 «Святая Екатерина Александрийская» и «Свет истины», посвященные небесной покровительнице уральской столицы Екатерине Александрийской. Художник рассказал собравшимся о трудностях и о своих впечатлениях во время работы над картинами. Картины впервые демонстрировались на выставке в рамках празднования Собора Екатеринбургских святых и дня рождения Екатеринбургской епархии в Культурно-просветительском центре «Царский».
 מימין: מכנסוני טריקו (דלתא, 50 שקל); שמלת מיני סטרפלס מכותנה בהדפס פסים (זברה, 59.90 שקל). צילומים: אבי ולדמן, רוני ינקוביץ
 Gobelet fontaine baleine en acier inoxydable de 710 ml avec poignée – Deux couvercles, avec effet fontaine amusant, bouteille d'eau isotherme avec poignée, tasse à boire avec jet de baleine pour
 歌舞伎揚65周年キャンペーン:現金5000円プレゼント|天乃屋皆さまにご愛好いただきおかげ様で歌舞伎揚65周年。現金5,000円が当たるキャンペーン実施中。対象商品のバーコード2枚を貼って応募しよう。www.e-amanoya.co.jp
____
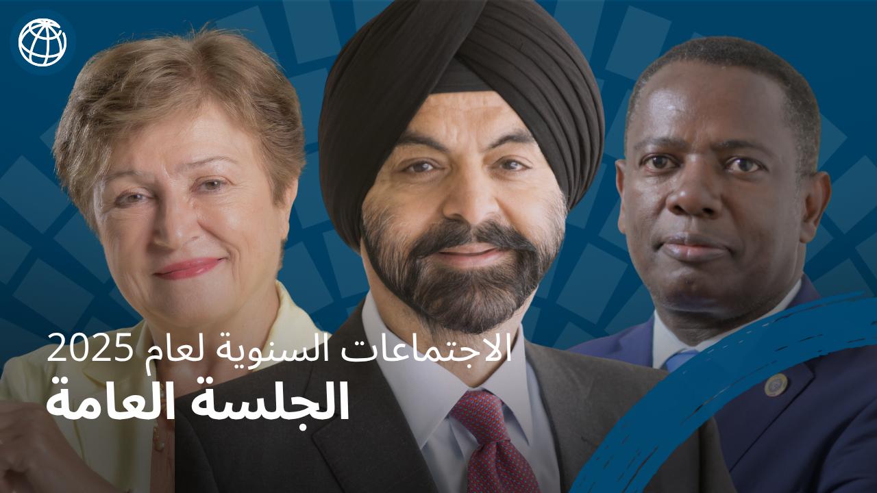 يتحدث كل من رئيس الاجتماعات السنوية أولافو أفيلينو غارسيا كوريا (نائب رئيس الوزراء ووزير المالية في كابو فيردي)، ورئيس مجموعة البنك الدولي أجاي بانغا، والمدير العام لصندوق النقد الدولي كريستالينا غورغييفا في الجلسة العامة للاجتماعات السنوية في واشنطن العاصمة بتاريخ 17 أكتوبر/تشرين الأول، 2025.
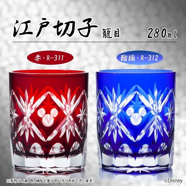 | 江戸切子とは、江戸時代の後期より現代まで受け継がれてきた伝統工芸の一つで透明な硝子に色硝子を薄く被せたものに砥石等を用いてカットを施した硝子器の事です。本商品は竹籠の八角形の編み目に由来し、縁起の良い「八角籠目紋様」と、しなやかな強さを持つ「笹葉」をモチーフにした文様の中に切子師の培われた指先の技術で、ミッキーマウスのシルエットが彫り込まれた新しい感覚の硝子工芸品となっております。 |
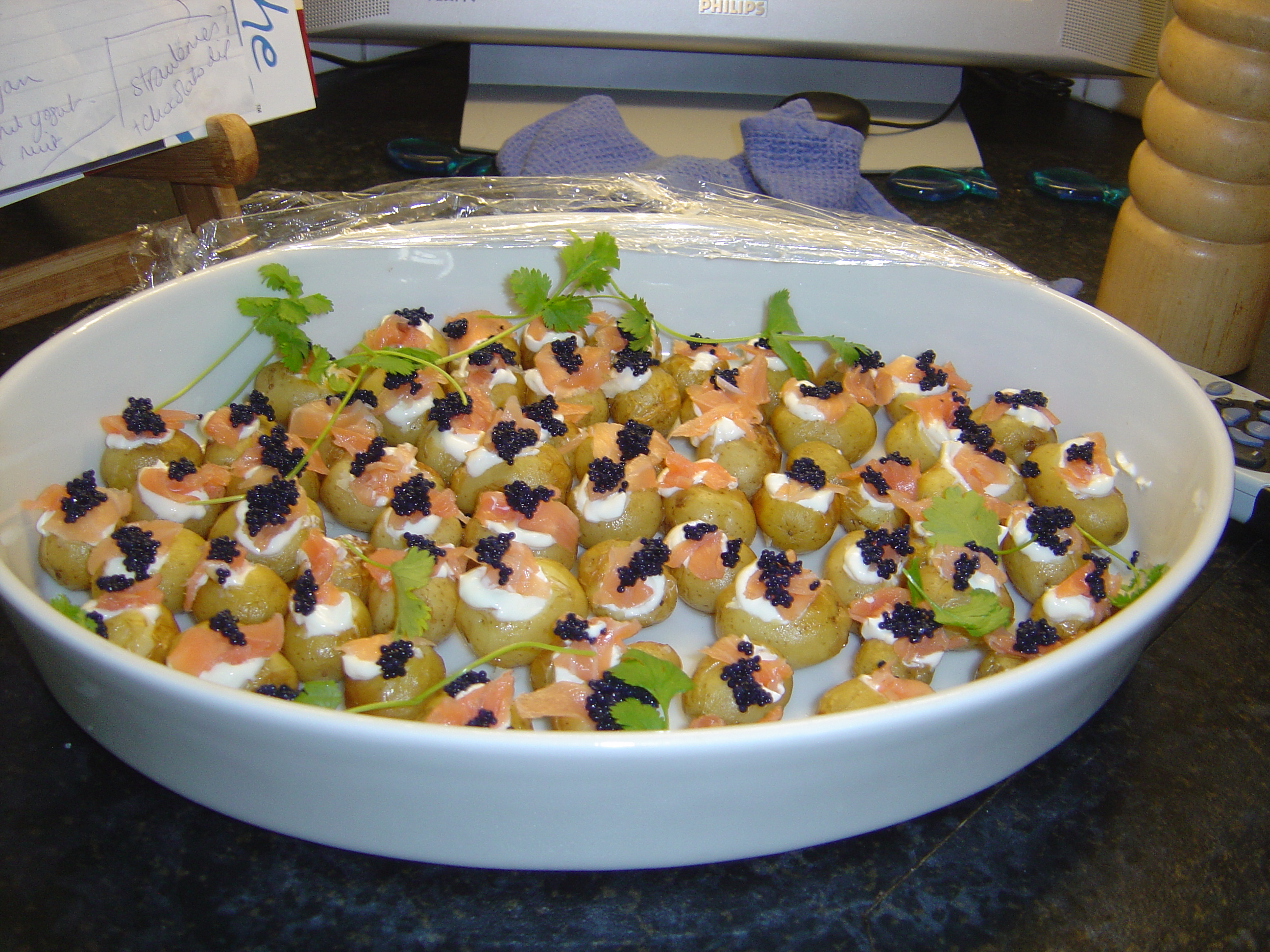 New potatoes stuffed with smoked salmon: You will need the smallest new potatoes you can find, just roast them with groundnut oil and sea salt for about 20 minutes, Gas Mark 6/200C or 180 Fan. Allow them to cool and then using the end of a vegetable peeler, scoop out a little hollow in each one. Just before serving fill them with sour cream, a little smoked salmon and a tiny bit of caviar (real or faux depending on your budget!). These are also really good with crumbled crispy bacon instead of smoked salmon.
____
--- Work to complete ---
Copy out, exactly and alone, the lines of the entries above between the ones holding "מימין: מכנסוני טריקו" and "歌舞伎揚65周年キャンペーン", inclusive.

--- Exercise solution ---
 מימין: מכנסוני טריקו (דלתא, 50 שקל); שמלת מיני סטרפלס מכותנה בהדפס פסים (זברה, 59.90 שקל). צילומים: אבי ולדמן, רוני ינקוביץ
 Gobelet fontaine baleine en acier inoxydable de 710 ml avec poignée – Deux couvercles, avec effet fontaine amusant, bouteille d'eau isotherme avec poignée, tasse à boire avec jet de baleine pour
 歌舞伎揚65周年キャンペーン:現金5000円プレゼント|天乃屋皆さまにご愛好いただきおかげ様で歌舞伎揚65周年。現金5,000円が当たるキャンペーン実施中。対象商品のバーコード2枚を貼って応募しよう。www.e-amanoya.co.jp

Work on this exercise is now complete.